坐骨神経痛とは症状の名前で、今回は坐骨神経痛を起こす原因とその診断方法を紹介します。また坐骨神経痛の予防法やなかなか治らない場合の対処法をお伝えします。

坐骨神経痛は病気ではなく症状です


坐骨神経痛は症状をあらわす言葉であって坐骨神経痛という病気があるわけではありません。

 

例えば胃が痛むという胃痛の症状のもとになる病気は食べすぎという病気とは考えにくいものから、胃炎、胃潰瘍など薬で治せるものから、胃癌のように手術が必要なものまであります。

坐骨神経痛の診断

坐骨神経痛は症状であることから、坐骨神経症の診断はもとの病気を調べることになります。

 

患者さんが腰から尻にかけて痛みをお感じる場合にはまず問診を行います。痛みの期間、痛みの強さ、しびれの有無などです。

 

問診と生理学検査

問診によって他の原因による痛みやしびれを除くことができます。例えば激しい運動による筋肉痛(高齢者の場合には少し動いただけでも筋肉痛になることがあります)。

 

次に生理学的な検査を行います。
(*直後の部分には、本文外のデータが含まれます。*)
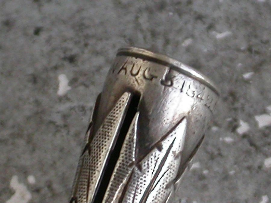 These dated hand / gauntlet Pencils along with the percussion pistols (dated 1840) are generally considered to be amongst first novelty silver pencils produced by a Mordan.

これは坐骨神経に神経圧迫があるかどうか、 神経欠落があるかどうかを調べるもので、ゴム状の小さなハンマーで膝や足首を刺激して、反応するかを見ます。

 

精密検査

以上から坐骨神経痛であることが疑われる場合には原因となる疾患を探します。単純なレントゲンで分かる場合もありますが、CT(Computed Tomography の略号で日本語はコンピュータ断層撮影:レントゲンを連続的に撮影し、コンピュータでその画像を分析して体の内部を再現する方法)やMRI(Magnetic Resonance Imagingの略号で日本語は磁気共鳴画像装置:体に磁気を放射してその反射によって体の内部を再現する方法) で原因疾患を確定します。

 

筋肉の以異常が筋肉自体の変化か筋肉を動かすための神経かを確かめるための筋電図検査も原疾患を探すために行われます。この検査には皮膚の表面に電極をおく表面導出法と、細い針を筋肉に刺して検査する針電極法がありますが一般的には、いろいろな筋肉の変化が判定できる針電極法が一般的ですが、筋肉の動きのみを検査する場合には表面導出法が使われます。

 

針電極法は針を刺すために痛みが伴います。麻酔をかけると筋肉の動きが変わるためにその痛みを我慢する必要があります。

 

症状の進行度を測る検査

神経がどの程度悪くなっているかをみる検査に神経伝達検査があります。坐骨神経痛のレベルを決めるために用います。検査は神経が通る部位の皮膚上から電気の刺激を与えます。神経はこの刺激を伝えますので、神経の伝達速度を測ることができます。刺激によっては痛みを感じるヒトがいますがすぐに治まります。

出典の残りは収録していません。